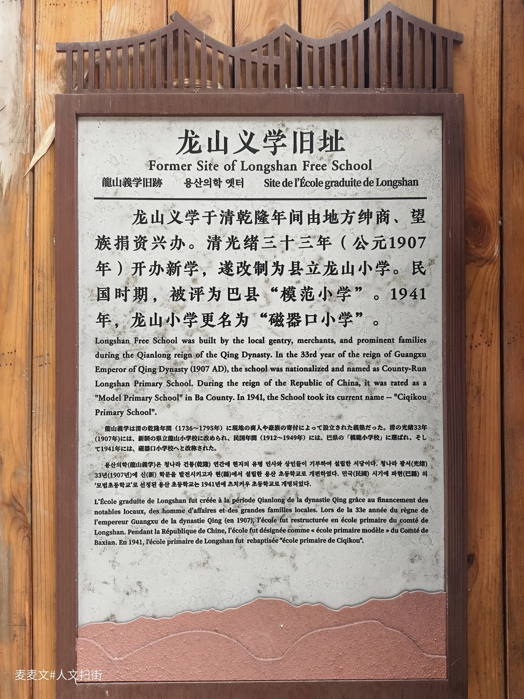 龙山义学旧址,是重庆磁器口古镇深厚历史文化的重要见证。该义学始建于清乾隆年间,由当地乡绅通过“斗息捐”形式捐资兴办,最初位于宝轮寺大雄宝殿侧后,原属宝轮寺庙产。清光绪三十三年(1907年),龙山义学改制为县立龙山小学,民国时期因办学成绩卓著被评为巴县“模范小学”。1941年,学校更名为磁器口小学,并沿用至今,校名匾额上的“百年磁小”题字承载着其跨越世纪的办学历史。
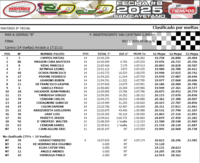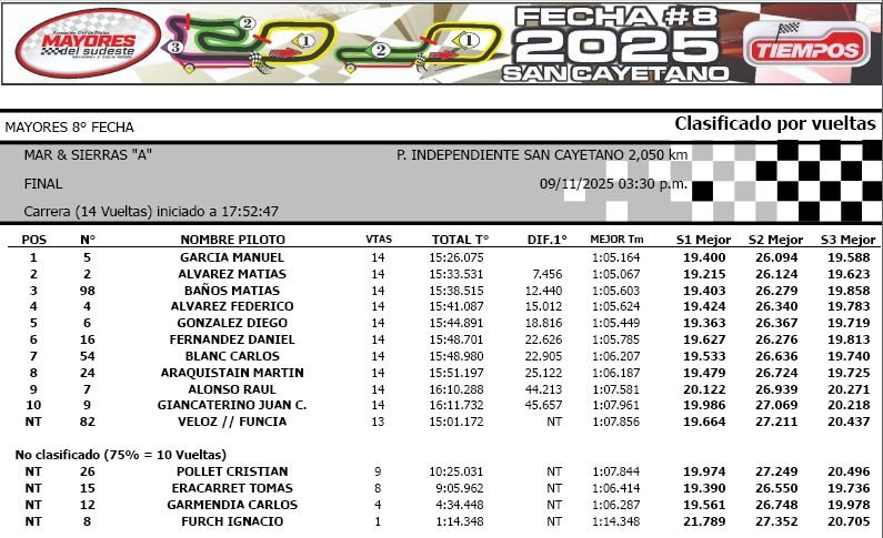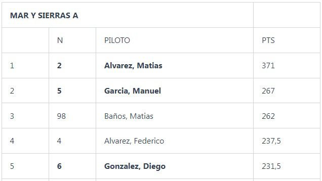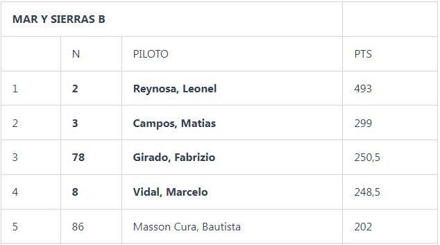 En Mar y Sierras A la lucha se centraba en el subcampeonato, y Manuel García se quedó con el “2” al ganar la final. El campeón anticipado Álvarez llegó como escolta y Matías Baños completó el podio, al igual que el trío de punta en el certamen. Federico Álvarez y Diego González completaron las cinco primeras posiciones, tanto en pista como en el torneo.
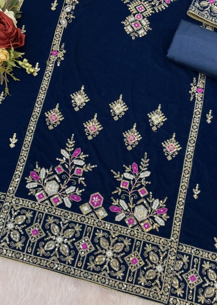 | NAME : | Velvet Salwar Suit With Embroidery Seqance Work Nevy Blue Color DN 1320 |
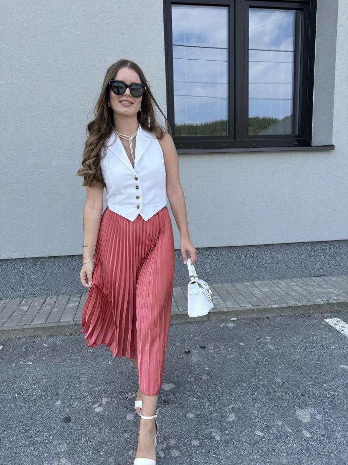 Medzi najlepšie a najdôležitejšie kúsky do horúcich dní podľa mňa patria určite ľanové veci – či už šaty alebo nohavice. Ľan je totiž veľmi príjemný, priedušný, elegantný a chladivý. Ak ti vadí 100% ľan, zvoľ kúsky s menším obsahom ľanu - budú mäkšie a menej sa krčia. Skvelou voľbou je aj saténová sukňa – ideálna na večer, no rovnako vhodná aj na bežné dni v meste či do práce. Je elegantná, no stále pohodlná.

**What this task involves**
No picture is to be printed. Output exactly the lines above from the line containing "En Mar y Sierras" through the line containing "Color DN 1320 |".

**The answer**
 En Mar y Sierras A la lucha se centraba en el subcampeonato, y Manuel García se quedó con el “2” al ganar la final. El campeón anticipado Álvarez llegó como escolta y Matías Baños completó el podio, al igual que el trío de punta en el certamen. Federico Álvarez y Diego González completaron las cinco primeras posiciones, tanto en pista como en el torneo.
 | NAME : | Velvet Salwar Suit With Embroidery Seqance Work Nevy Blue Color DN 1320 |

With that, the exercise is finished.